Cette dissociation touche profondément les êtres puisqu’elle les écartèle en différentes fonctions. De plus, en vertu d’un hédonisme immédiat, réducteur et débile, il y a tendance à éliminer tout ce qui engendre une difficulté ou une douleur. Dans cette perspective, la souffrance ne devrait-elle pas être abolie, ne devrait-on pas supprimer l’amour, surtout celui pour une seule femme, puisqu’on peut être malheureux ou devenir fou.
En effet, l’amour avant que de cimenter l’être en lui-même, d’en faire un tout qui rayonne, a aussi l’effet de dissocier. Il naît alors une angoisse de sa propre identité. Qui suis-je ? Où puis-je me retrouver ? Est-ce fragment-ci ou celui-là de l’être que je fus, il y a si peu de temps, qui peut témoigner de ce que je ressens être moi. C’est alors qu’il faut la rechercher dans les plus lancinantes impulsions, dans les voies les plus obsédantes, et même dans ce que les autres nous refusent en nous inhibant.
L’amour qui dissocie, permet ensuite de se retrouver auprès de soi comme après une folle course vagabonde, heureux, irradié d’une vie insoupçonnée. L’amour profond côtoie la folie et s’il ne s’épanouit pas il y conduit parce qu’il nous met hors de nous et nous pose autre ; un autre par rapport à l’immédiat que nous vivions car en fait c’est encore nous mais dans des déterminations que nous n’avons pas prévues. Il n’en demeure pas moins que nous vivons cette altérité qui, si nous ne retrouvons pas notre identité parce que l’amour ne se réalise pas, se transforme en aliénation qui est bien un devenir autre où l’on n’est pas capable de se retrouver.
Mais si l’on supprime la souffrance que deviendront masochisme et sadisme ? D’autant plus que diverses personnes dont M. Mieli veulent les redimensionner et justifier en quelque sorte leur réalité. À mon avis ils dérivent du profond doute organique d’aimer ou, si l’on veut, c’est l’amour qui ne permet pas d’enraciner une réalité d’être, une certitude d’exister, une vérification ample de l’existence. D’où un appel lancinant aux sens pour qu’ils témoignent dans un éclatement de douleur, d’une vérité d’être. Dans le procès d’amour l’autre n’est plus apte à signifier immédiatement dans la jouissance la réalité de l’aimant, d’où une intense réflexivité en souffrant ou en faisant souffrir. C’est la réification complète : l’autre est une chose permettant une jouissance, d’où la nécessité de tout un arsenal d’amour, d’où également le glissement à toutes sortes de substituts de l’objet devant générer l’amour-jouissance… ainsi que la parenté avec l’expérimentation scientifique !

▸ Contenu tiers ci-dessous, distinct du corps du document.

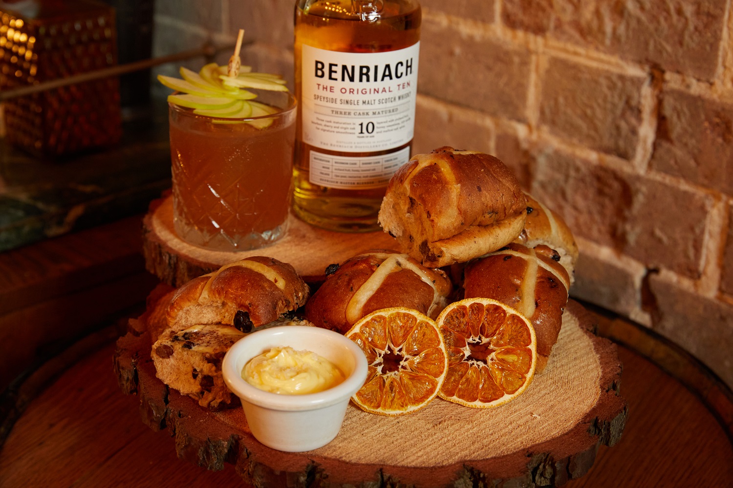 “Benriach The Original Ten has been three cask matured in bourbon barrels, sherry casks and virgin oak, to create layers of luscious orchard fruit, sumptuous honeyed malt and toasted oak, all interwoven with a subtle trace of smoke. These sweet, fruit-laden flavours perfectly compliment the signature flavours of a hot cross bun,” she said.

Il est probable que l’extériorisation de tout permette également de pouvoir brancher sur la particule neutre au moment voulu la sensibilité nécessaire pour qu’elle accède à une jouissance programmée selon la combinatoire recherchée.
L’espèce humaine, espèce-phylum, est aussi l’espèce de la non-immédiateté et ceci qu’elle le veuille ou non, c’est-à-dire que ce soit déterminé par un procès interne ou que ce soit causé par une impulsion du monde extérieur. Elle ne peut pas se contenter de réaliser le possible qui s’offre immédiatement. Elle en imagine d’autres et veut les réaliser. C’est ainsi qu’elle ne peut se satisfaire de la vie immédiate et qu’elle essaye de conquérir une vie au-delà : la conquête de la mort et de l’immortalité ! Peut-être que, d’ailleurs, l’espèce a commencé son développement par une réflexion à partir de cette conquête et que c’est pour cette raison qu’elle est envahie – maintenant, que nous sommes parvenus à la fin de l’arc historique – par la mort, ne parvenant plus à vivre et à situer la vie. L’espèce mourrait parce qu’elle n’aurait pas conquis la mort !
Au départ cette conquête de la mort était comme une réponse à l’insécurité au monde, la non-certitude de l’existence découlant de la coupure de la communauté et de la nature qui fit révéler d’amples phénomènes qui auparavant étaient simplement vécus. En même temps c’était une prise d’assurance vis-à-vis de tous les possibles.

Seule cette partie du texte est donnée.